Высокий худой господин со звездой, прощаясь с Борским, спросил:
- Говорили с генералом?
- Говорил... Кажется, он будет согласен...
- Это хорошо, а все-таки вам лучше съездить к Наталье Кириловне и с ней еще переговорить... Она... ну, да вы сами знаете... На днях побывайте у меня.
Скоро все гости разъехались. Остались одни Чепелевы.
Старик отец нежно глядел на Елену, держал ее за руку и тихо с нею разговаривал.
Чепелева у окна говорила с Борским.
- Каков дядя?! И на свадьбу не мог приехать... Это просто срам... Я у него была сегодня утром: говорит, болен и никого не принимает... Дать своей наследнице каких-нибудь пятьдесят тысяч... Я этого не ожидала.
- Он серьезно болен?..
- Однако выезжает и целые дни проводит у Бениславской... Это становится скандалезным... в его лета и с его болезнью!
- Я знал эту барыню. Это энергичная женщина... Вы, Александра Матвеевна, вместо того чтобы понапрасну бранить их, узнайте-ка завтра получше, как там дела... Дело может кончиться серьезнее, чем мы с вами думали...
- Не лишит же он Лену наследства. Ее-то он любит?
- Все это очень возможно. Но вы знаете старика, на него легко может повлиять такая женщина, как Бениславская. Она на все способна... Было бы очень полезно старика удалить от нее...
- Но ведь вы знаете, Basile, я пробовала... Чем же это кончилось?
- Надо умней попробовать. Вы тогда, maman, слишком увлеклись... Старику ведь недолго жить, говорят, а?..
Борский помолчал и спросил:
- А Леля грустна... Она сегодня плакала?
- Плакала, но все эти глупости пройдут... С вами она забудет свою детскую любовь! - отвечала она, кокетливо взглядывая на Борского. - Леля ведь еще так молода!..

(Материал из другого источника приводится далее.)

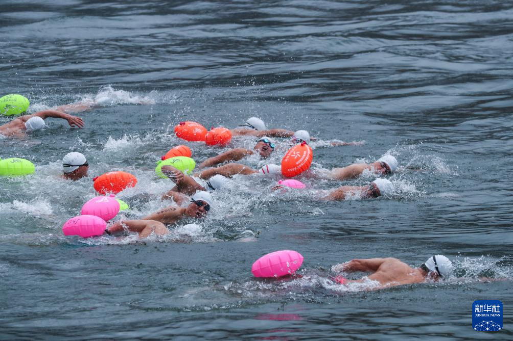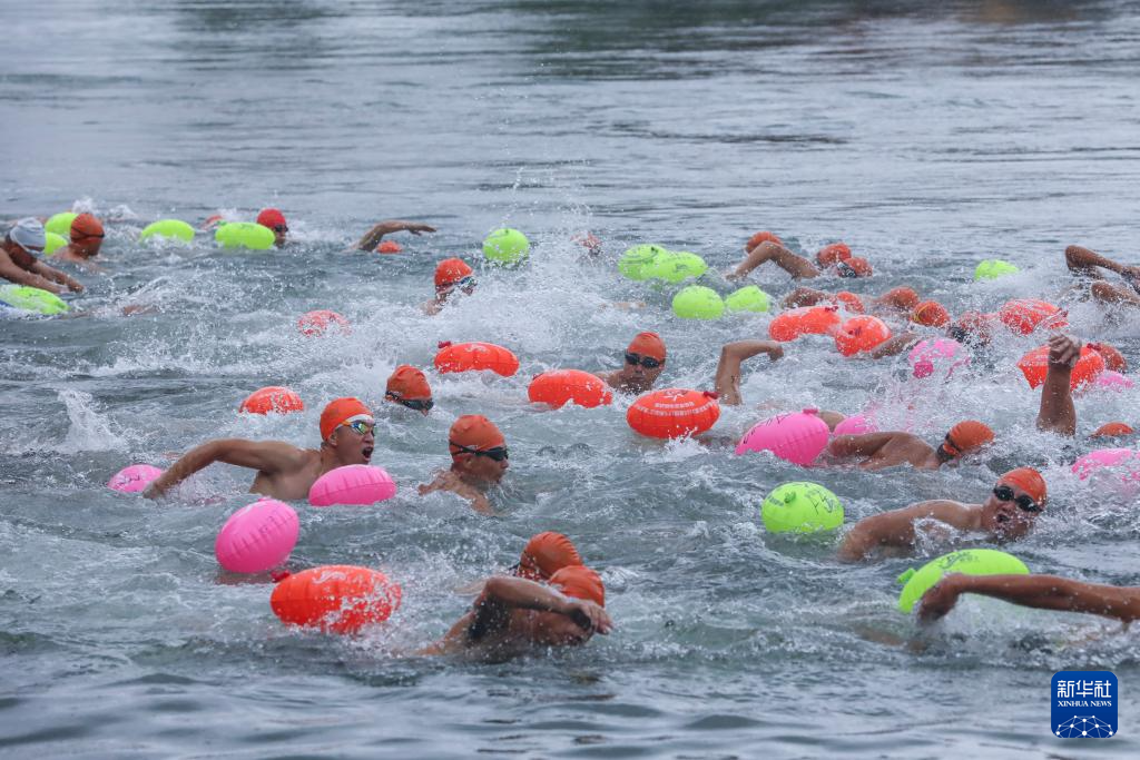 7月27日,参赛选手们跃入新安江中参加“夏日冬泳”。

- Вы думаете... забудет? - задумчиво проговорил Борский.
- Еще бы... Она такая мягкая... Вы только будьте нежней... Ну, да этому учить вас не к чему!..
Отец между тем прощался с дочерью.
Елена бросилась ему на шею и нервно зарыдала. Старик тихо плакал, прижимая к груди свою любимую "девочку".
- Ведь ты будешь счастлива? Да? Ведь будешь? - точно старался уверить себя старый генерал. - К чему же слезы? Ты не плачь!.. - шептал он, прижимая к себе ее голову.
- Буду... буду... папочка... Я так... Тебя жалко, а обо мне ты не беспокойся... Привыкну... - говорила она, утирая слезы. - Я к тебе буду часто приезжать. И ты не забывай свою девочку... слышишь?.. Приезжай ко мне чаще. Да смотри, папа, - краснея, шепнула она ему, - не забудь передать письмо Венецкому... Ты не беспокойся... я только прощаюсь с ним... Он ничего не знает... Скоро приедет, верно... Ты прими его...
- Не забуду... Приму... моя крошка!.. - отвечал старик и стал поспешно крестить Елену. - Твой муж добрый человек, Леля... Он любит тебя... И ты люби его...
- Смотрите же, Василий Александрович, - проговорил он как-то торжественно, обращаясь к Борскому, - берегите Лелю... Она!.. она...
Он что-то хотел сказать, но не договорил и тихо побрел из гостиной...
Мать обняла Елену, назвала ее счастливицей, сказала, что все ей завидуют, перекрестила ее и торжественно заметила:
- Ну, милое дитя, счастье у тебя в руках... Будь же счастлива.
Прощание вышло несколько холодное.
Молодые остались одни.
Елена опустилась в кресло и рассеянно перебирала платок. Слезы текли по ее лицу. Борский подошел к ней, тихо взял ее за руку и промолвил:
- Елена! Вы устали. Вам нужно отдохнуть...
Елена покорно поднялась с кресла.
- Елена! - тихо прошептал Борский, поднося ее руку к своим губам. Скажите, могу я рассчитывать, что вы меня со временем... полюбите?..
Она вздрогнула.
- Вы знаете... я... я... очень благодарна вам за все, что вы сделали для нас, и постараюсь быть хорошей женой...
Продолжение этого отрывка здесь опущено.